The following is a summary of each material contract outside the ordinary course of business to which we are a party, for the two years immediately preceding the date of this annual report. Such summaries are not intended to be complete and reference is made to the contracts themselves, which are exhibits to this annual report.

(a) Trust Deed dated as of February 12, 2018, among Burford Capital Finance LLC as issuer, Burford Capital Limited and Burford Capital PLC as guarantors and US Bank Trustees Limited as trustee.

On February 12, 2018, Burford Capital Finance LLC issued $180 million aggregate principal amount of 6.125% notes due 2025 (the “2025 Notes”) under a trust deed among Burford Capital Limited and Burford Capital PLC, as guarantors, US Bank Trustees Limited, as trustee, and Burford Capital Finance LLC. The 2025 Notes (i) are unsecured, unsubordinated obligations of Burford Capital Finance LLC; (ii) rank equally in right of payment with all other existing and future unsecured, unsubordinated indebtedness of Burford Capital Finance LLC; and (iii) are unconditionally guaranteed by Burford Capital Limited and Burford Capital PLC. If any subsidiary, other than certain excluded subsidiaries, of Burford Capital Limited has certain indebtedness which amounts to more than £2 million, such subsidiary shall provide a guarantee in respect of the 2025 Notes.

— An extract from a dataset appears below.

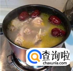 将煎好的鸡肉放入炖锅中,加水,红枣,花胶,花椒,老姜,慢火炖2个小时,起锅。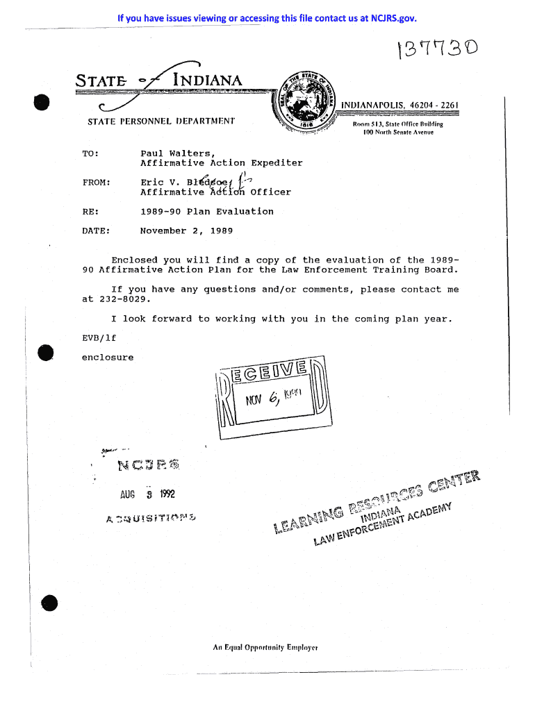 If you have issues viewing or accessing this file contact us at CARS.gov.STATEINDIANAPOLIS, 46204 2261 STATE PERSONNEL DEPARTMENTRoom 51 J, State Office noodling 100 North Single Avenue TO:Paul Walters,

The 2025 Notes bear interest at a rate of 6.125% per annum, payable semiannually in arrears on February 12 and August 12 of each year. Burford Capital Finance LLC may redeem the 2025 Notes for certain tax reasons, in whole, but not in part, at any time at the principal amount, plus accrued and unpaid interest.

The trust deed relating to the 2025 Notes contains certain covenants, including: (i) a restriction on the creation of any security interest by Burford Capital Finance LLC, Burford Capital Limited and Burford Capital PLC respect to their respective business, undertaking, assets or revenues to secure certain financial indebtedness unless the 2025 Notes are secured equally, subject to certain exemptions; and (ii) a requirement that Burford Capital Limited maintains a level of consolidated net debt that is less than 50% of the level of its tangible assets. The 2025 Notes are governed by English law.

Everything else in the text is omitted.